Star Trek: The Next Generation
"Heart of Glory"
Air date: 3/21/1988
Teleplay by Maurice Hurley
Story by Maurice Hurley and Herbert Wright & D.C. Fontana
Directed by Robert Bowman
Review by Jamahl Epsicokhan
A long last, it's the Worf episode we've all been waiting for, giving this guy his first real spotlight in a season where we had no idea who the hell he was (aside from "that Klingon guy").
The Enterprise crew rescues three Klingon survivors from a Talarian vessel just before it explodes (the episode benefits from some convincing and gritty production design on board the wrecked Talarian ship). One of the Klingons dies on the operating table; the other two offer up a less-than-convincing story about how they came to be on the Talarian ship. In reality, they are fugitives from the Klingon Empire who destroyed a Klingon ship sent to bring them in. While on board the Enterprise, the two Klingons, Korris (Vaughn Armstrong) and Konmel (Charles H. Hyman), attempt to convince Worf to join them out of a sense of shared Klingon warrior brotherhood.

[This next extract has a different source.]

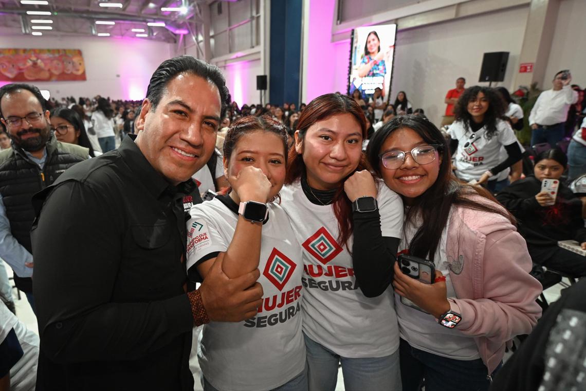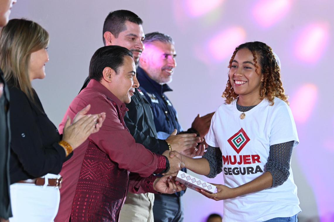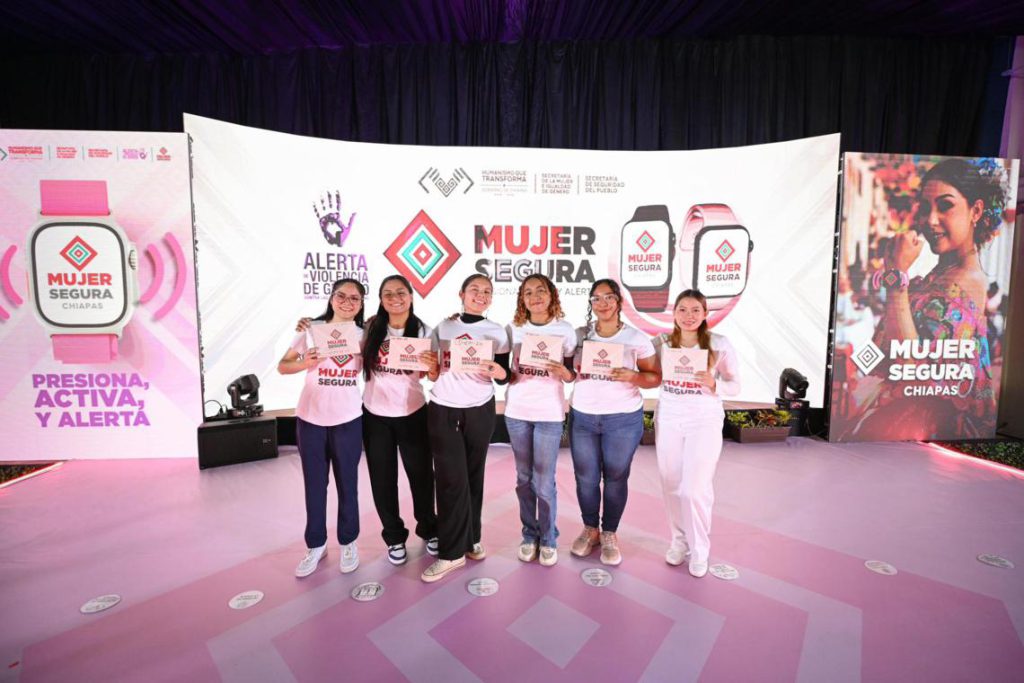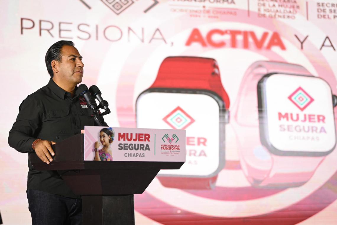 El gobernador Eduardo Ramírez Aguilar encabezó el arranque del programa Mujer Segura: Presiona, Activa, Alerta, que dota a mujeres de relojes inteligentes conectados permanentemente al C5, lo que permitirá brindar atención inmediata ante situaciones de riesgo. Destacó que Chiapas es el primer estado del país y de América en implementar una estrategia de este tipo, y subrayó que el Gobierno de la Nueva ERA impulsa acciones que fomentan la participación social para construir un Chiapas libre de violencias contra niñas, adolescentes y mujeres.

The episode has a few problems, mostly involving the story's confused attempts to create drama from the question of whether Worf will actually join these two fugitives. I'll concede that Worf feels the warrior's call and has some sympathy for these two Klingons' state of mind, but he also clearly ignores the fact that these are dangerous men, and after they confess to him that they destroyed the Klingon ship, Worf takes them on a tour of sensitive areas of the ship, which I find doubtful. Then there's the standoff between the Klingons and Yar's security team, which makes much out of the question of Worf's loyalty before becoming a nonstarter. The Enterprise crew seems as mystified about Worf as the writers, which strikes me as a little tough to swallow.

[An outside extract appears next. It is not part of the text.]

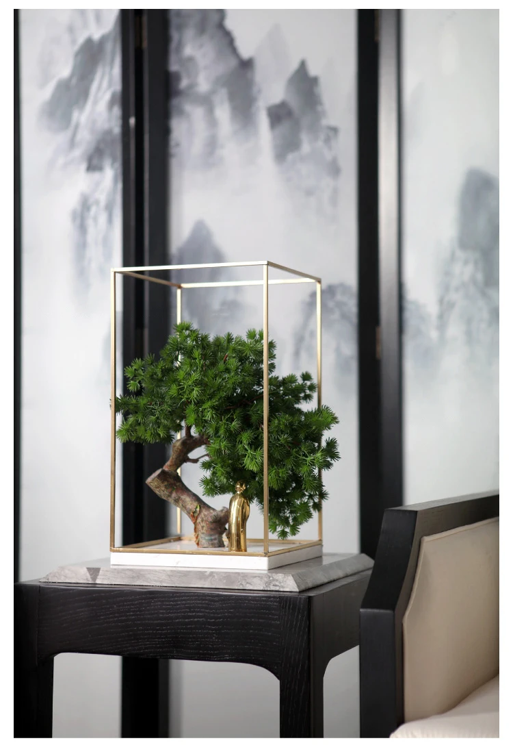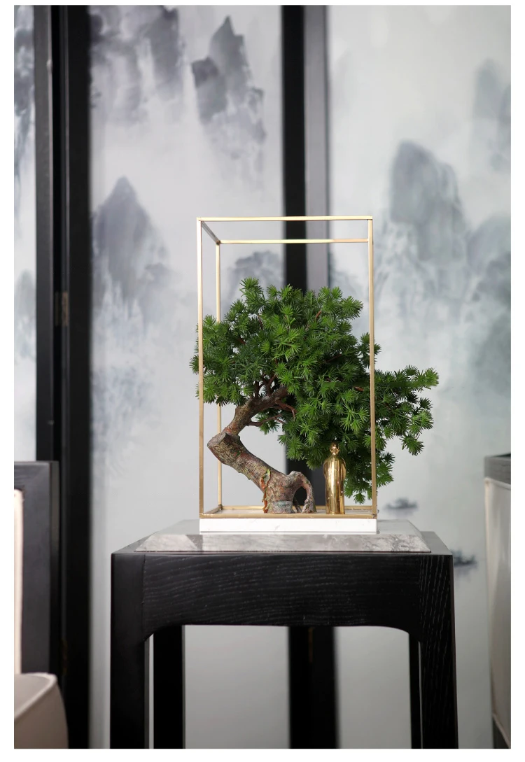 Имитация растений бонсай с золотой металлической оправой, Современная латунная подставка с персонажами под деревом баньян, украшения для отеля Декор для дома комнаты

But the show has a lot of good elements that become launchpads for future Worf- and Klingon-themed shows. The warrior code, the death rituals, Worf's intriguing backstory, the notions of honor and brotherhood — all interesting stuff. The final showdown in engineering between Worf and Korris makes for some good dramatic fireworks (with Armstrong in full teeth-gnashing-madness mode) and ends with the first of many choices Worf makes that puts him uncomfortably in between his Klingon and Federation identities.